** Source information follows **

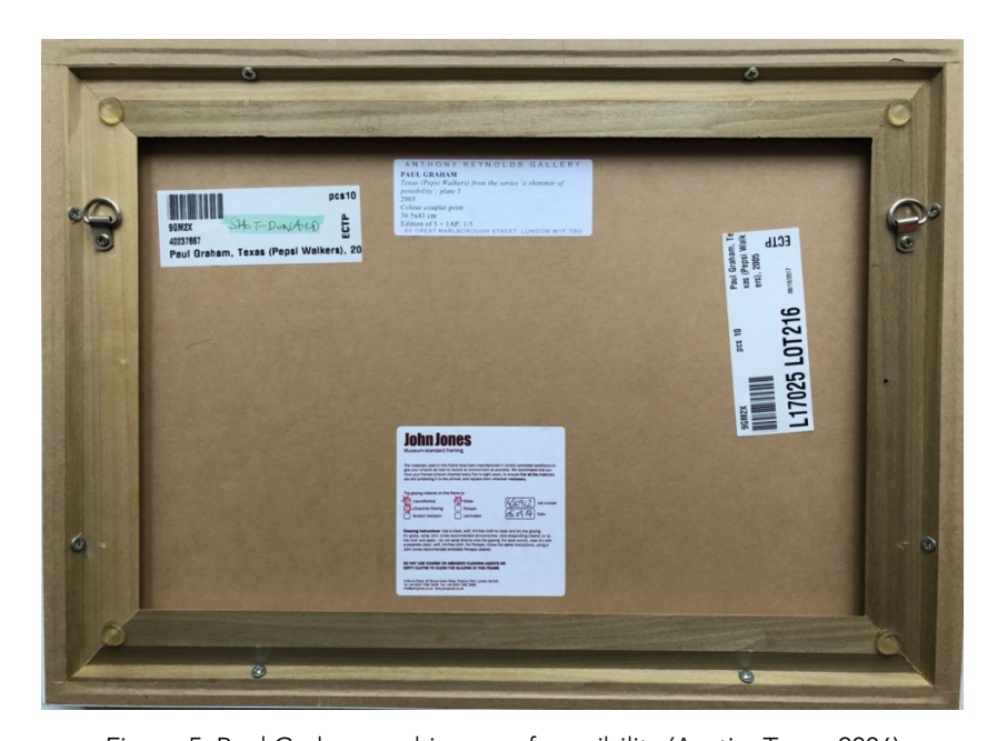
Figure 5: Paul Graham, a shimmer of possibility (Austin, Texas 2006) detail of backside of plate 5
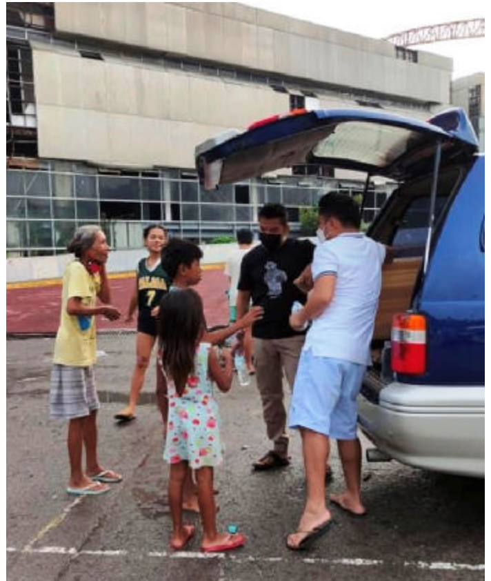
These people experience joy not just from the temporary help they receive, but also from the human connection that accompanies it.

The inspiration to start this initiative came from a personal experience. I was abandoned by my parents due to an unfortunate and tragic circumstance, and in those days
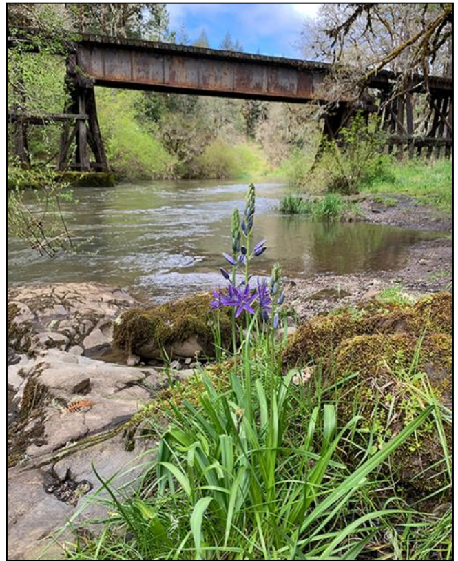
Camas and railroad bridge over Marys River.

EIGHT OBSIDIANS AND SIX GUESTS MADE THEIR WAY TO FITTON GREEN NATURAL AREA outside of Corvallis. This area is adjoined by the Crestmont and Bald Hill Farm land trusts,

** End of Source information **

# Prompt
Each line above that has the word "experience" should be copied.

# Result for this exercise
These people experience joy not just from the temporary help they receive, but also from the human connection that accompanies it.
The inspiration to start this initiative came from a personal experience. I was abandoned by my parents due to an unfortunate and tragic circumstance, and in those days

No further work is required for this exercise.